- _Exercise description_
Transcribe exactly the lines that fall between the one holding "7月30日15时,室外温度达" and the one holding "Today’s my last", inclusive, from the entries below.

(Beginning of Material to process)

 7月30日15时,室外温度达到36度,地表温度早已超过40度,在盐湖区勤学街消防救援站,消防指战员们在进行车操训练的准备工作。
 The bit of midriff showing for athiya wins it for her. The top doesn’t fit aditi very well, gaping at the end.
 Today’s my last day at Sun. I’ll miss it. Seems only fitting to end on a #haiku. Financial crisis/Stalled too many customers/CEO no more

(End of Material to process)
(Beginning of Material to process)

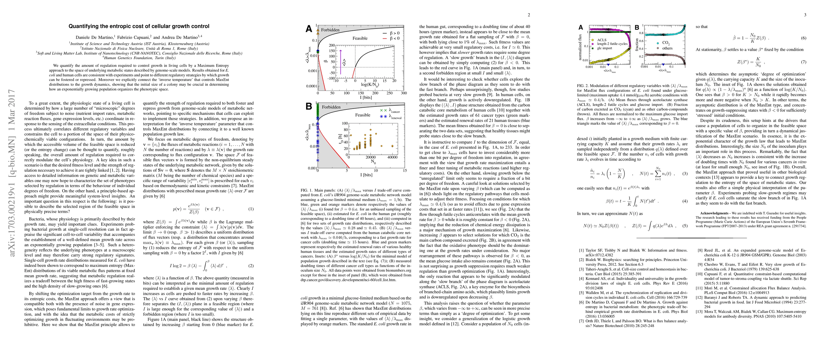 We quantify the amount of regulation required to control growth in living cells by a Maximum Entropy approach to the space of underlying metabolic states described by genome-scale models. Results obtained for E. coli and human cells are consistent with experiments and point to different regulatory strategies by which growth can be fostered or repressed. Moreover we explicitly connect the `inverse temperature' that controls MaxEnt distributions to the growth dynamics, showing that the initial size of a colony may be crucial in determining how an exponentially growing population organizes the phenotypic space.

(End of Material to process)
(Beginning of Material to process)

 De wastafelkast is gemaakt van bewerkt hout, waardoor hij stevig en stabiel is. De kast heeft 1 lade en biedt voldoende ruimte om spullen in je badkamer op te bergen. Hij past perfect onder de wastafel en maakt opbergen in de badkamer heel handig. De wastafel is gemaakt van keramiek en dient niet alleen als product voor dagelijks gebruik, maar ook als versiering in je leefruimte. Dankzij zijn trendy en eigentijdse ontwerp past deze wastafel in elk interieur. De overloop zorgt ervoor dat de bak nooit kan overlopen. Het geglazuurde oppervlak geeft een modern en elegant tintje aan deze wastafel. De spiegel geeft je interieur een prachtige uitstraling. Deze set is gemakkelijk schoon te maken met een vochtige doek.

(End of Material to process)

- _Answer section_
 7月30日15时,室外温度达到36度,地表温度早已超过40度,在盐湖区勤学街消防救援站,消防指战员们在进行车操训练的准备工作。
 The bit of midriff showing for athiya wins it for her. The top doesn’t fit aditi very well, gaping at the end.
 Today’s my last day at Sun. I’ll miss it. Seems only fitting to end on a #haiku. Financial crisis/Stalled too many customers/CEO no more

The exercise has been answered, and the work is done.